Посмотрите в журнале регистрации. Там отмечено создание этих элементов? Есть диагностика ошибок создания?

----------


## alexandr_ll

> Доброго дня. Прошу помощи. Поиском искал. Инет облазил, либо платные обработки, либо писать и дописывать, либо кривые решения. 
> Ситуация: 
> УТ 11.3 управляемые формы. Есть файл excel с номенклатурой. 
> Нужно загрузить его и создать карточки товара. 
> Пробовал загрузку из табличной формы в итоге пишет - загружен элемент номенклатуры - но ничего не создается. Карточки не появляются. 
> Кроме того не нашел там поле ШК товара. 
> В связи с чем вопрос: 
> Как загрузить файл ексел с созданием карточек номенклатуры. 
> И почему в протоколе после загрузки пишет что загружена номенклатура - но в списке неоменклатуры ничего не появляется. 
> Нужно ли переходить в обычное приложение?

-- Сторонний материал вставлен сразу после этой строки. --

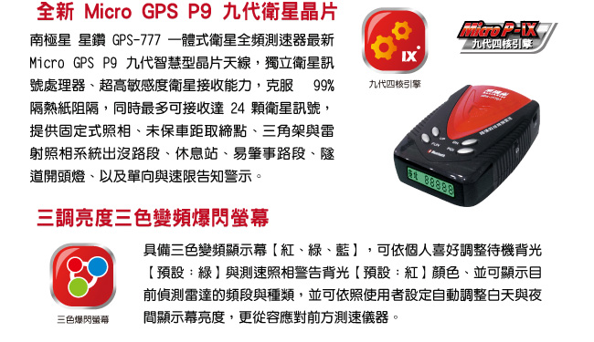 南極星 星鑽 GPS-777 衛星超級雷達採用最新 Micro GPS P9 智慧型晶片,九代四核處理器、獨立衛星訊號處理器、超高敏感度衛星接收能力,克服 99% 隔熱紙阻隔,提供更精準定位能力。
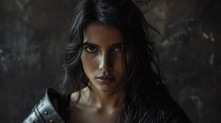 Fierce and Mysterious Woman in Leather Outfit
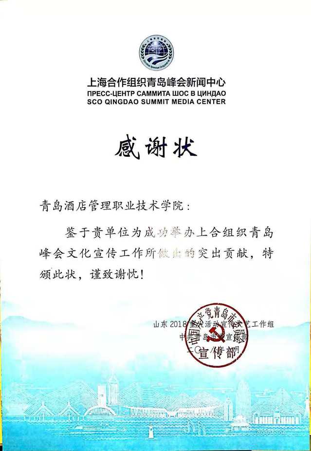 本网讯(旅游与酒店管理学院 白星宇)10月7日,中共青岛市委宣传部为上合峰会期间在青岛峰会新闻中心参加志愿服务的同学送来了感谢信,高度赞誉星空XK为成功举办上合组织青岛峰会文化宣传工作所做出的突出贡献。
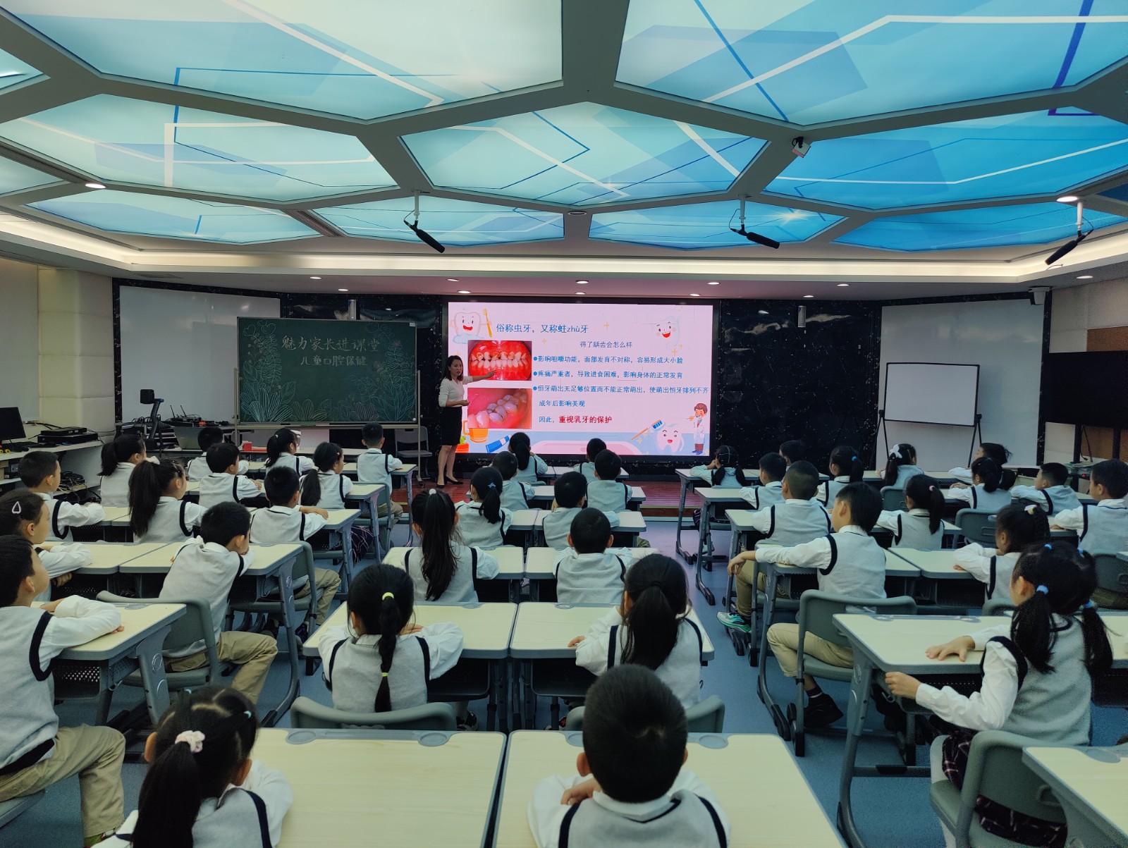 為積極貫徹“一老一小”健康關(guān)愛政策,扎實做好“三減三健”工作,進(jìn)一步完善校園健康服務(wù)體系,重慶華西牙科醫(yī)院大力開展口腔健康課堂進(jìn)校園活動。10月31日,重慶華西牙科走進(jìn)新村實驗小學(xué),為學(xué)生們送上了一堂生動有趣的口腔健康知識課堂。

Хотя там тоже не создаеются карточки.


Можно посмотреть здесь
http://programmist1s.ru/zagruzka-nom...excel-ili-dbf/
обработку взять здесь
https://cloud.mail.ru/public/6Y1j/LecW9xEHh

----------

BDV190 (19.03.2019), Yurigg777 (06.07.2021)

----------


## Yurigg777

> Можно посмотреть здесь
> http://programmist1s.ru/zagruzka-nom...excel-ili-dbf/
> обработку взять здесь
> https://cloud.mail.ru/public/6Y1j/LecW9xEHh


В Бит-автосервис обработку открыл. Работает! Теперь главное грамотно подготовить Excel файл и настроить отбор. Надеюсь всё получится.

----------